Culver approved spending cut plans submitted by 28 department heads and approved, with minor changes, spending cut plans submitted by 6 other department heads. The Des Moines Register's Jennifer Jacobs summarized the impact:
Altogether, the 34 approved plans will save the state's general fund about $520 million, he said.
The approved plans call for a total of 180 layoffs and the elimination of 229 open positions. The total job loss, so far, is 410.
Here's where there the layoffs will be: 79 from the Department of Human Services, 35 from the Department of Revenue, 10.8 from the Department of Inspections and Appeals, 13 from the Department of Education, eight from Iowa Public Television, eight from the Department of Public Health, seven from the Department of Economic Development, seven from the Department of Cultural Affairs, four from the Department of Administration, four from the Department of Management, two from the Alcoholic Beverages Division, two from the Department of Veterans Affairs, and one from the Iowa Ethics & Campaign Disclosure Board.
Forty-three state employees tentatively set for layoffs in the Department of Commerce will be spared.

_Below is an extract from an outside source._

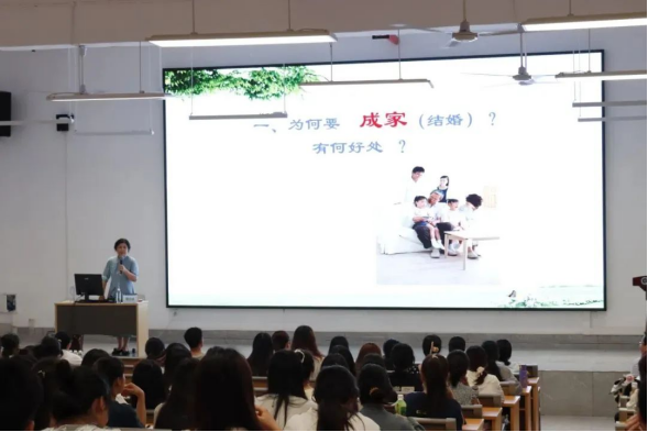 活动邀请了广西婚姻家庭研究会副会长、国家婚姻咨询师、广西家庭教育研究会理事滕洁贞授课。滕洁贞老师以《树立正确婚恋观,走好人生幸福路》为主题,从为何要成家(结婚)、有何好处,如何选择伴侣,怎样让你爱的人爱上你,如何与你爱的人相处等方面,以深入浅出的理论讲解、生动有趣的现场演示以及互动性强的答疑解惑环节,引导学生合理表达内心情感,加强对新型婚育文化的了解,引导他们在面对婚恋情感问题时能够理性思考。

The 10 percent across-the-board cut will not be applied to the divisions of banking, credit union, insurance and utilities divisions, which are agencies within the commerce department.
Culver rejected the $45 million spending reduction plans offered by the directors of the Department of Corrections and the Department of Public Safety, saying,
I reject these two plans because I am hopeful that we can find an alternative to laying off hundreds of correctional officers, state troopers and law enforcement personnel.
I am rejecting these plans because public safety is essential to our daily lives.
That is why yesterday I sent a letter to the state's three bargaining units - AFSCME, Iowa United Professionals, and the State Police Officers Council - who represent more than 16,000 state employees - asking them to join me in negotiations for amending their current contract. This past Saturday, I met with AFSCME's bargaining unit - which represents more than 13,000 state employees - to discuss ideas for moving forward. We followed that meeting with a three hour session yesterday morning and the talks have been very productive. And earlier today, I met with the State Police Officers Council representatives and those talks were productive. Finally, I will meet with the Iowa United Professionals union leadership as soon as schedules permits, but our staff has been in daily contact with their representatives.
I seek substantive discussions with all three unions on issues that may impact our state budget cuts. Our goal is to do everything we can to prevent layoffs related to essential public safety.
If we cannot reach agreement with the unions, then I will implement the layoff plans submitted by these two departments.
Unfortunately, we do not have an endless amount of time in which to reach an agreement and to have it ratified by each respective union. I expect to know by Friday, November 6 whether we will move forward in discussions with the unions or implement the layoff plans.
The president of AFSCME Council 61 issued a statement saying his union will negotiate with the governor in the hope of avoiding layoffs. Both sides are promising not to release any details about the discussion until the talks conclude, but no doubt some proposed alternatives to layoffs will leak out before then.
The Des Moines Register's Tom Beaumont covered Republican gubernatorial candidates' ideas for cutting the budget here.